There are various other psychological interventions that different athletes use to improve overall performance due to the sporting world evolving and the psychological aspect of sport becoming more and more important. However, it is clear from the research previously conducted and today’s research that the psychological skills of self-talk, imagery, pre-performance routines and goal-setting all can have a beneficial effect on an athlete’s athletic performance once understood and applied correctly.
- Outline and learn all psychological interventions and skills that can benefit performance within the first 3 months of returning to sport.
My client must learn all the psychological interventions outlined above. They now have a base of knowledge to begin this process but as the world of sports psychology is ever changing, they must keep up to date and learn what is relevant to them going forward. It is essential they adopt a strategy of learning all relevant material they can find on improving their performance and returning to sport efficiently.
- Implement and evaluate all psychological interventions learned within the first three months over the next year.
Now that my client has outlined and addressed the psychological interventions that will be of benefit to them, it is time to implement them in everyday training and life. Once they have implemented the psychological interventions they wish to utilise moving forward it is necessary to evaluate them. This can be done through the use of myself but also my client himself can evaluate his progression. It is necessary to use two evaluations, one internally and one externally to ensure no bias is involved or no errors occur.

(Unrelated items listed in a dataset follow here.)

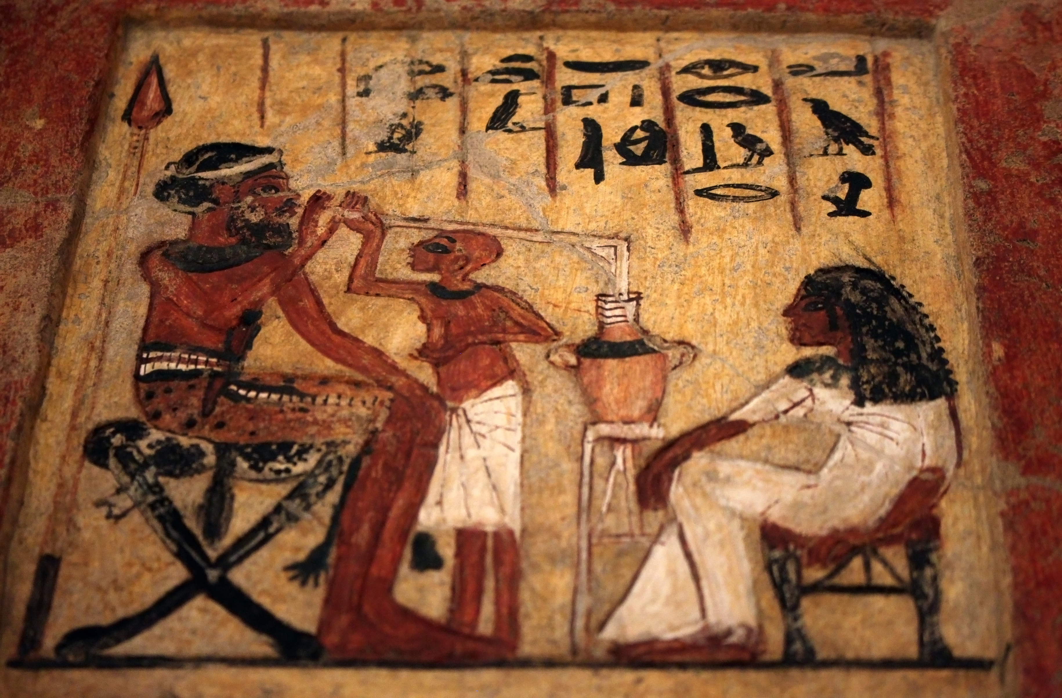 Stela depicting a Syrian mercenary drinking beer. Egyptian New Kingdom, 18th Dynasty, Aménophis IV. Neues Museum, Berlin.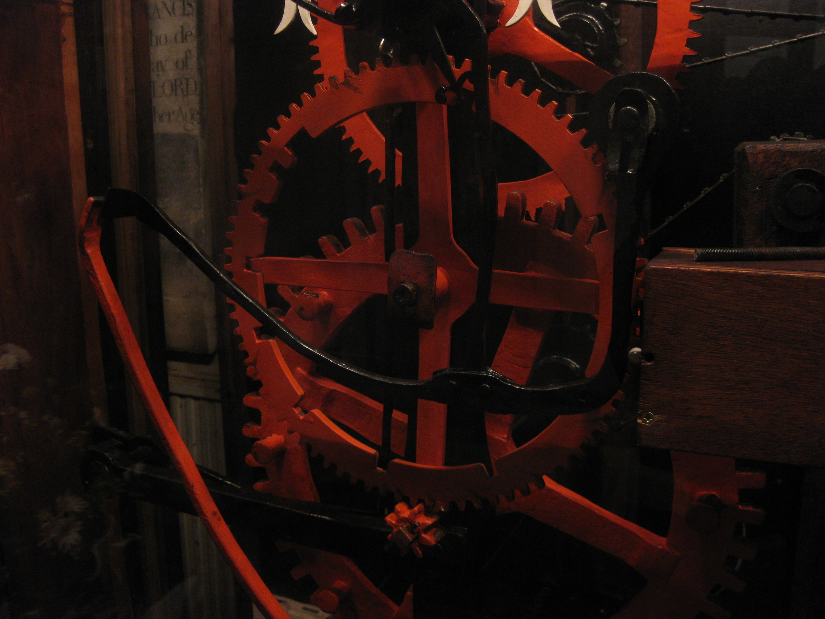 This photo shows the count wheel and locking mechanism of the striking train of the Castle Combe Clock. Photo taken on 17/1/2011 by myself. Taken through a glass pane, thus the not so great quality. Christian Dannemann (talk) 09:17, 18 January 2011 (UTC) This photo shows the count wheel and locking mechanism of the striking train of the Castle Combe Clock. Photo taken on 17/1/2011 by myself. Taken through a glass pane, thus the not so great quality. Christian Dannemann (talk) 09:17, 18 January 2011 (UTC)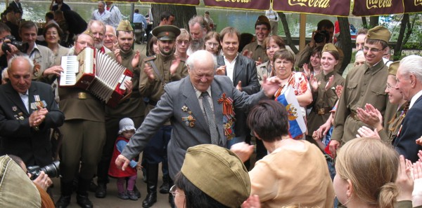 Russian Veteran dancing in the celebration of Victory Day, in Gorki Park, Moscow.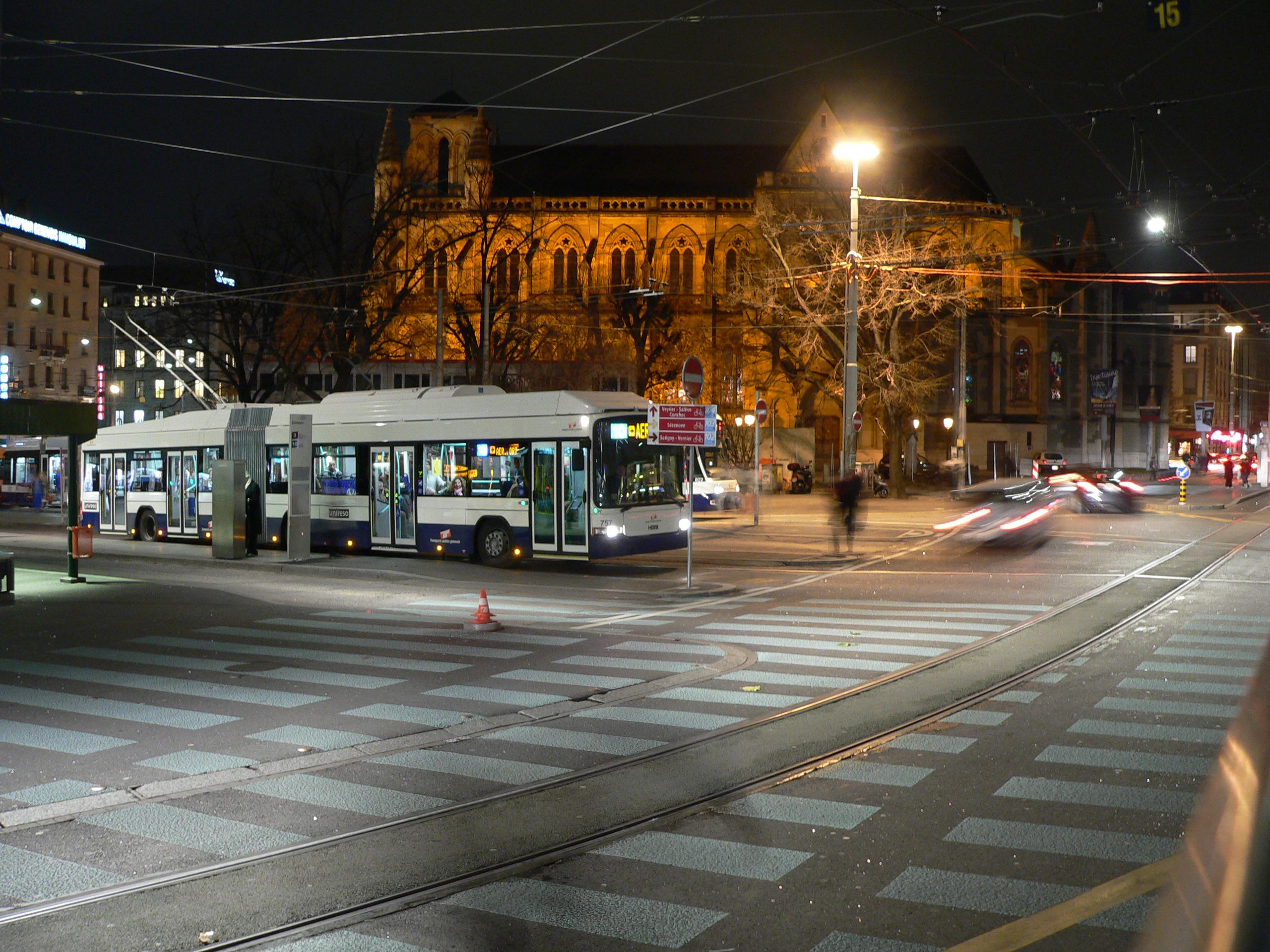 A trolleybus at Place Cornavin, in Geneva, Switzerland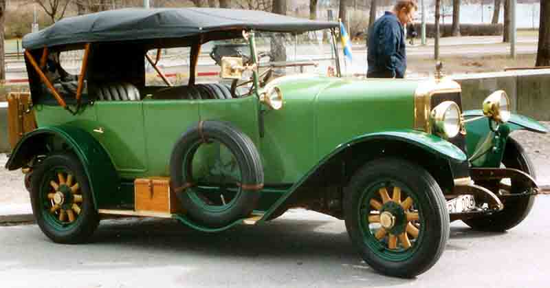 Panhard & Levassor X31 1921. This is one of the last Panhards built with a conventional engine (rather than the valveless Knight engine), with the 2275cc SU4D2 12CV (fiscal) engine.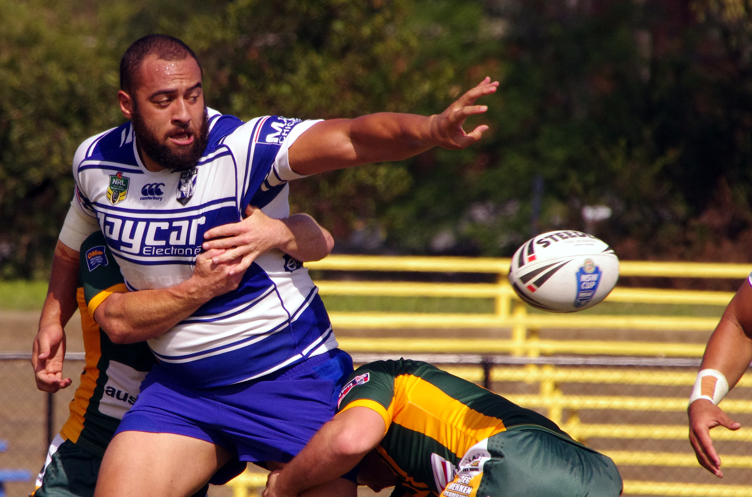 Sam Kasiano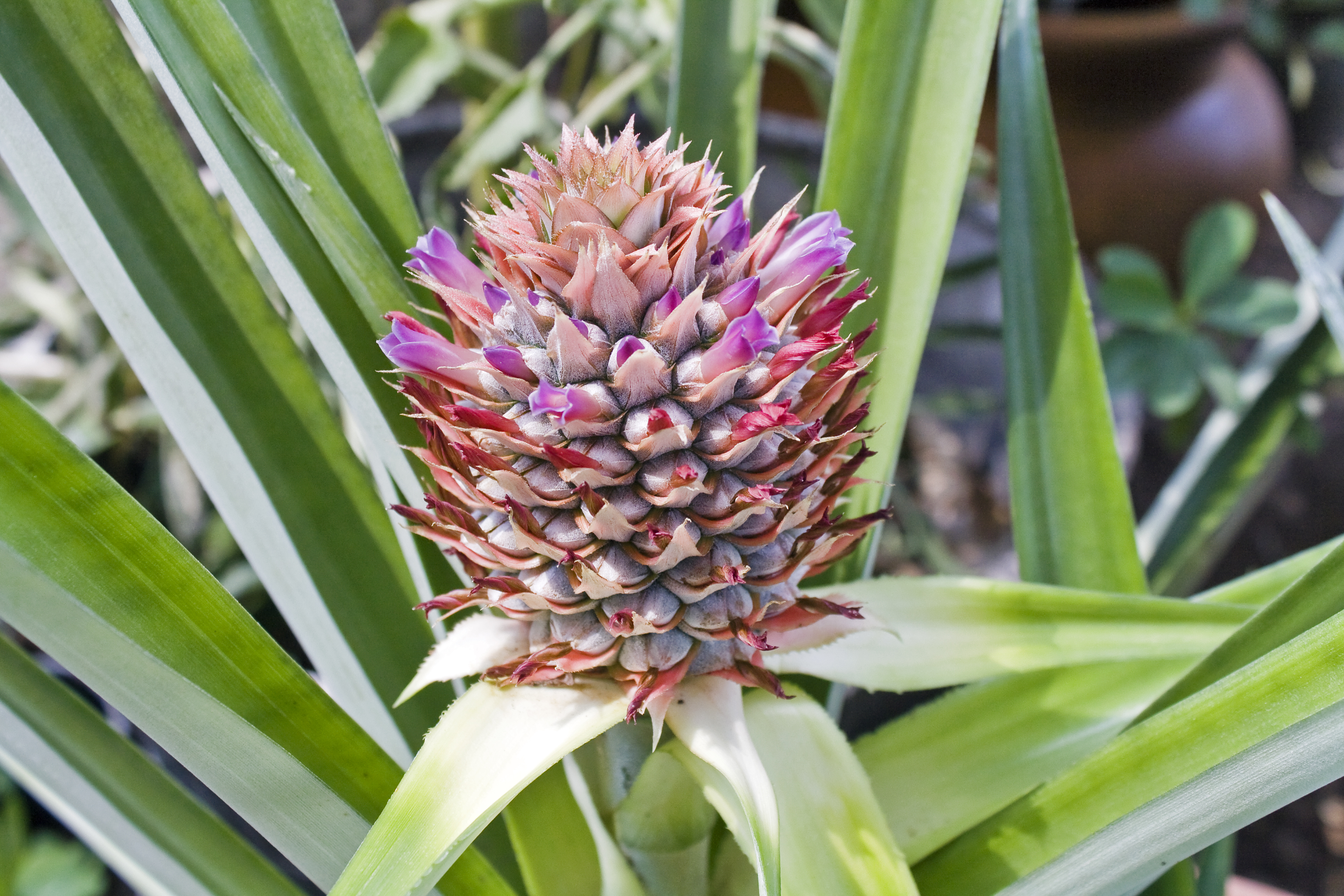 A flowering pineapple on a tree that is about four years old. This is the third fruit it has produced since I planted it.

- Educate team mates regarding the psychological interventions to improve team performance over the next five years, with the hope of winning trophies.
Now that my client has implemented and evaluated what went wrong or right, he is further able to educate others on the various psychological interventions and skills. Therefore moving forward, his team can implement the interventions and skills and look to improve their performance individually and collectively, hence making them a better team.